This is How CPU and GPU Communicate in Gaming and Renders

Since the dawn of personal computer use, its main way of communicating with us is through a screen, so a few times per second the PC has to generate an image that has to be presented as information to the user. But how do the CPU and GPU communicate so that the latter generates the next image to be displayed on the screen?

CPU GPU Communication: The Ring Buffer

How CPU and GPU Communicate in Gaming and Renders

The CPU generates a list of graphical commands that tells the GPU how to generate the next frame.
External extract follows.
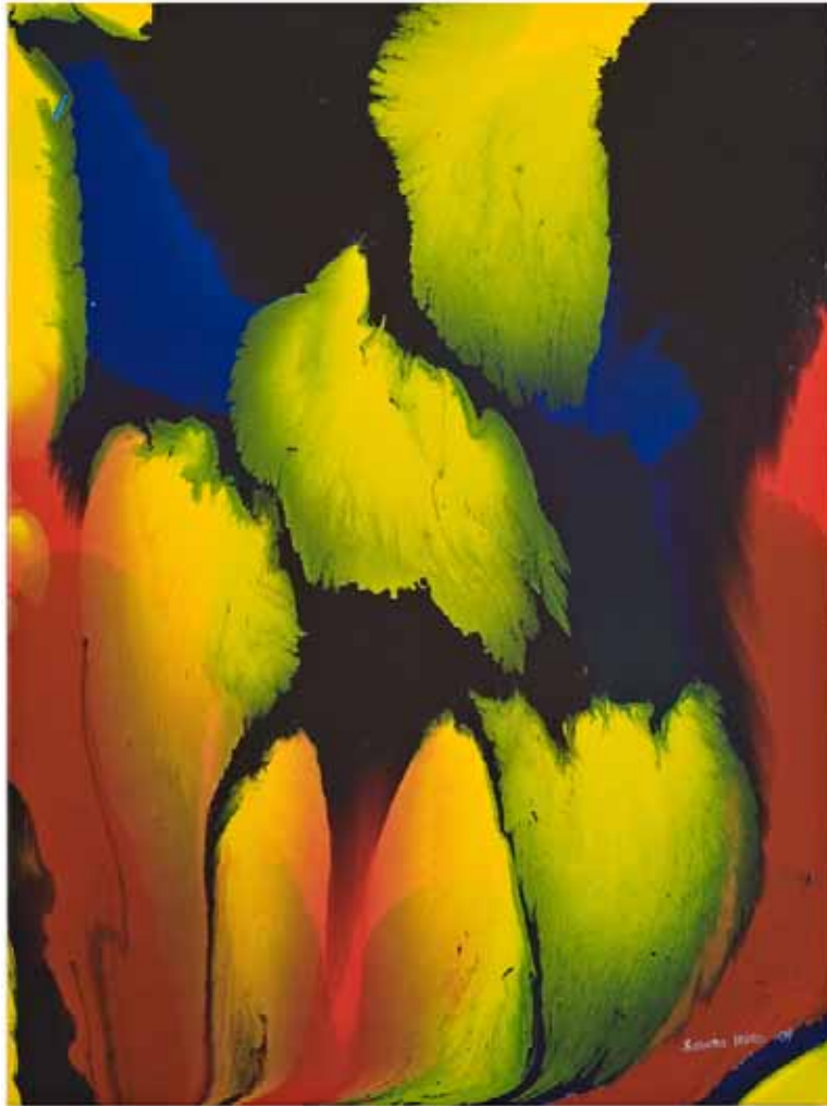
CLAUDIE MOUTH (2009) SMHC 20091295/SMHAB_032 Acrylic on canvas, 103 x 76 cm $5,000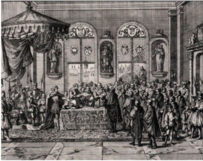
Figure 3: Registration of the Edict of Nantes by the Parliament of Paris

The edict also addressed Catholic concerns. The Catholic character of the crown and the kingdom

For each new frame, a new list of commands is created, which we also call Display List, a display list in Spanish.

The application in charge of generating the frame is what we call a graphics API, these APIs are abstractions of what a GPU is at the programming language level that help applications to communicate with the graphics card. Its function is to translate the list of things to do that the application sends it into something that the GPU itself understands and for this, another participant is necessary, which is the controller of the GPU itself or driver, a program that is used to carry out that translation process to the code that our particular GPU can understand.
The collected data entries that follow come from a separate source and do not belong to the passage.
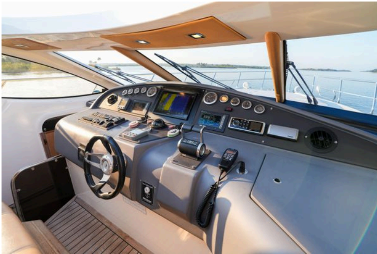
Cockpit of 2007 Astondoa 53 Open Cruiser yacht with navigation instruments and steering wheel.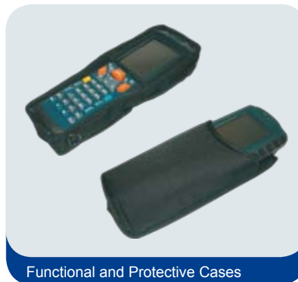
Functional and Protective Cases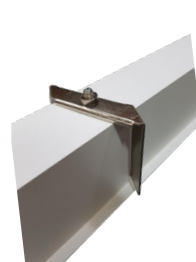
Fixing bracket open

Once this list has been generated so that the GPU can understand it, it is stored in a part of the system’s RAM. The GPU through a special unit called DMA that allows it to read not only the VRAM but also the system RAM from where it will read the Display List generated by the CPU.
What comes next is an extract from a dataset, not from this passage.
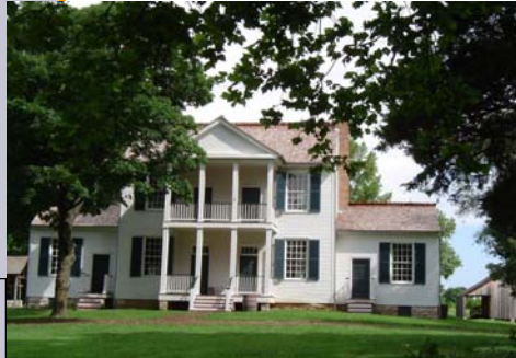
Thornhill is a classic Federal-style two-story home

May 8 and 9 Mother's Day Weekend 1:00 — 5:00 p.m. FREE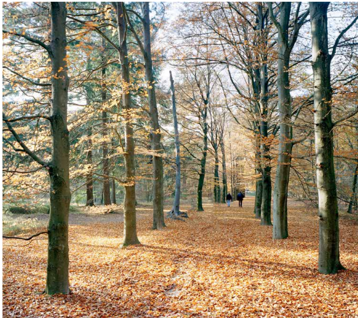
Autumn in the sculpture garden with Faggio di Otterlo , 1987-1988, by Giuseppe Penone

The GPU treats the memory area where the Display List is located as a ring, that is, when it reaches the last memory address assigned to the ring, when it reads the next instruction, the program counter is automatically reset to 0 and so on. In other words, it always goes through the same memory addresses and each complete ring is a frame, so when the GPU command processor reaches the end of the data ring or buffer ring, it starts from zero and with that a new frame begins. .

The GPU Command Processor

The command processor (CP) is the conductor of the GPU, it is always in the central part of every GPU regardless of its architecture and is in charge of controlling the GPU and getting things done in the right order right and with the right resources.

What it does initially is copy the list of commands in the Ring Buffer to a memory close to the command processor so that you can operate with it as quickly as possible. Once this is done, it begins to generate the frame organizing the different elements of the GPU as long as the list of instructions is fulfilled.

The way in which the CP treats the list of commands generated by the CPU is of the FIFO type of English First In – First Out (“First in first in first out”), this means that the element that enters the Queue first will be the first to leave and the last to enter will be the last to leave.

Graphics vs Computing

DX11 vs DX12

With the arrival of DirectX 11, the GPUs began to be able to execute small programs not related to the rendering of the graphics that are called Compute Shaders. The problem in DX11 is that, although we have several different contexts generated by the CPU, but at the GPU level there was only a gigantic ring so the computing tasks to be executed depended on the GPU being able to finish rendering in time , it was from DX12 that it has been possible to use several contexts and thus several rings simultaneously.

Usually two different types of rings are used, one for computation and the other for graphics, it is common to have a single ring for graphics, but if we want to render in stereo, for example, for virtual reality. then we are interested in having two rings of commands for graphics.

colas gpu

In the case of rings for computation, it is different and they are usually composed of several sub-rings and their execution is completely asynchronous with the rendering of the image, so the beginning and end of the computation lists is independent of the beginning and the end of the frame.

When we have computing rings working in parallel to graphics rings then we do not have just one but several command processors but the one that always has preference is the graphics ring unless we find ourselves with a blinded GPU and therefore it is used for tasks other than generating graphics, such as the use of these in scientific computing.